Поест, а оставшееся — под замок. И мне ни крошки не даст. Я и пошел на помойки, сам себе жратву промышлять. Где корку хлеба, протухшую селедку, осклизлую колбасу — все в ход шло. А вечером мать уговаривал бросить пить. Случалось, она брала себя в руки и дня три держалась. Купала, кормила, стирала, в общем становилась прежней. А потом снова ударялась в запой. И тогда ее выгнали с работы. Жить стало совсем невыносимо, — затянулся дымом папиросы Леший и, помолчав, продолжил:
- Стали к нам в дом наведываться комиссии всякие. Матери грозили. Та ночами плакала. Обещала пойти работать. Но хоть и устраивалась, все равно ненадолго. В почтальонах — неделю, в прачках — месяц, в дворниках — месяц. Но и там я за нее старался. А тут дворовые бабы скандал ей устроили. Обзывали, срамили. Свекруха ликовала. Мол, вот, неспроста от нее мой сын ушел. Он все наперед видел. А кто, как не он, довел мать до этого? Вот так-то и проснулся я утром. А мать в петле висит. Кончилась, бедная. Не выдержала. Бабы дворовые последней каплей стали. Довели. Не пила она в тот последний день. Ни капли в рот не брала. Помыла меня, сама искупалась. А когда ужинать сели, глянул я, а у нее глаза черными стали, хотя до этого всю жизнь были синими, как небо. Видно, горе в них запеклось, осело. Иль уже все решила для себя…

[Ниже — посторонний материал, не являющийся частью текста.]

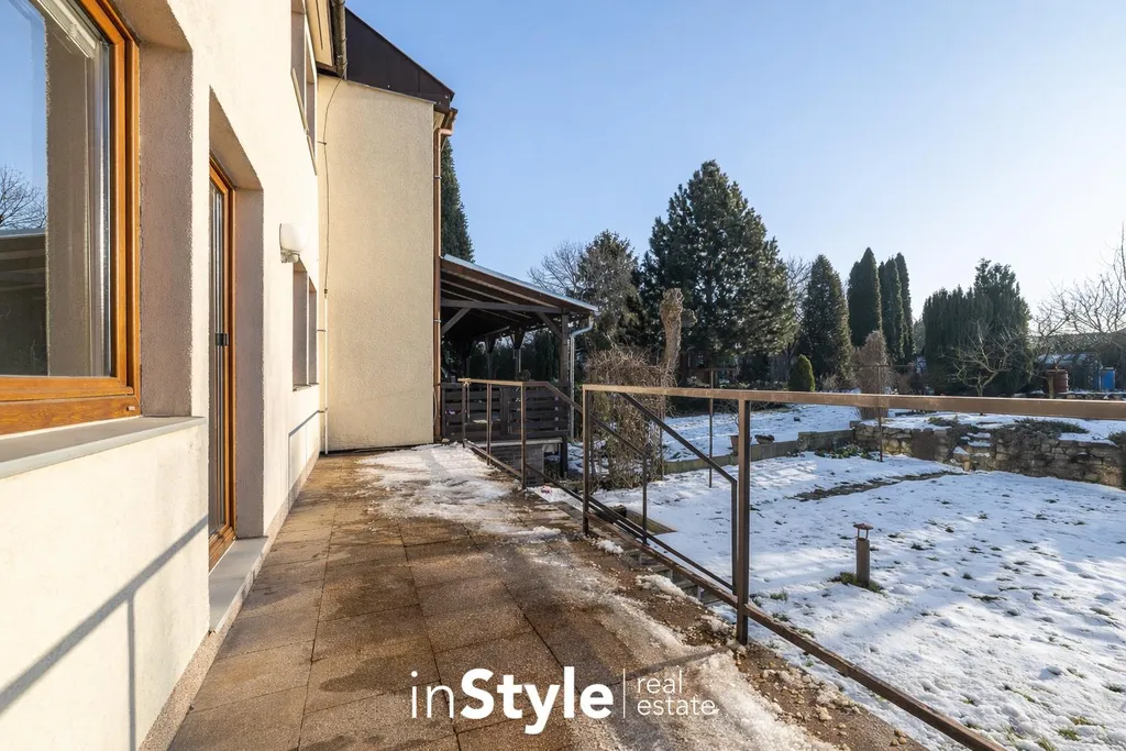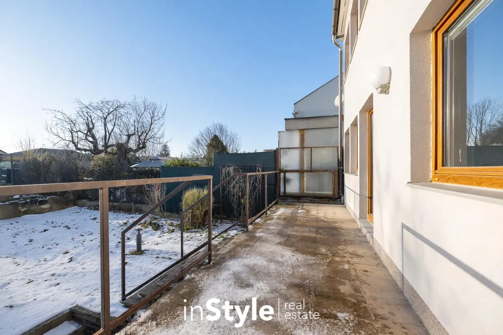 Námi nabízený rodinný dům má jedno podzemní, dvě nadzemní podlaží a nabízí více než velkorysou základní dispozici 6+1, přičemž nad rámec této dispozice budete mít garáž, dvě koupelny a suterén, kde je k dispozici kotelna, prádelna, místnost s posezením a několik skladových prostorů. Nesmírnou výhodu rovněž vidím v přístupu na zahradu, kam se pohodlně dostanete ze suterénu i prvního obytného podlaží a to skrze venkovní terasu. Zahrada má rovinatý charakter a mimo trávníku, ovocných stromů a menší skalky zde najdete i skleník.

— А воровать когда стал? — перебил Бурьян.
— На другой день, когда мать схоронили, узнал я, что отец мой — главный легавый города. Это мне бабка сказала. Ну, а я не знал тогда, кто это. И решил отомстить за мать дворовым бабам. И воровал у них все подряд. Жратву и белье с веревок.
Потом на толкучке сбывал и прожирал. Но однажды попался. Баба-соседка меня поймала. И, отмудохав, как фартовая, к отцу привела. Тот, слова не сказав, кинул меня, пацана, в камеру. Три дня голодным сидел, на четвертый — вспомнили. И, надавав пиздюлей, выкинули на все четыре стороны. Родитель даже на глаза не допустил. А через месяц меня опять к нему приволокли. Уже всем двором, легавый аж вскипел. Велел меня к ворам кинуть. В камеру. И пригрозил, мол, коль ума нет, наберусь его в
зоне. И отдал под суд. А перед тем, на следствии, от меня отрекся. Заявил, что мать моя гулящей была. И забеременела, неизвестно от кого. За что он и развелся с нею. Ее порядочность обосрал.
Мол, если б я его сыном был — подала бы на алименты. Тут же — не решилась… И своими руками меня под уголовщину сунул. С тех пор легавых хуже зверей держу. За судьбу корявую. За отнятую мать и жизнь. За то, что не беда, а родитель в фарт отдал. С пацанов. Я ж еще тогда, с той первой ходки, с ними скентовался.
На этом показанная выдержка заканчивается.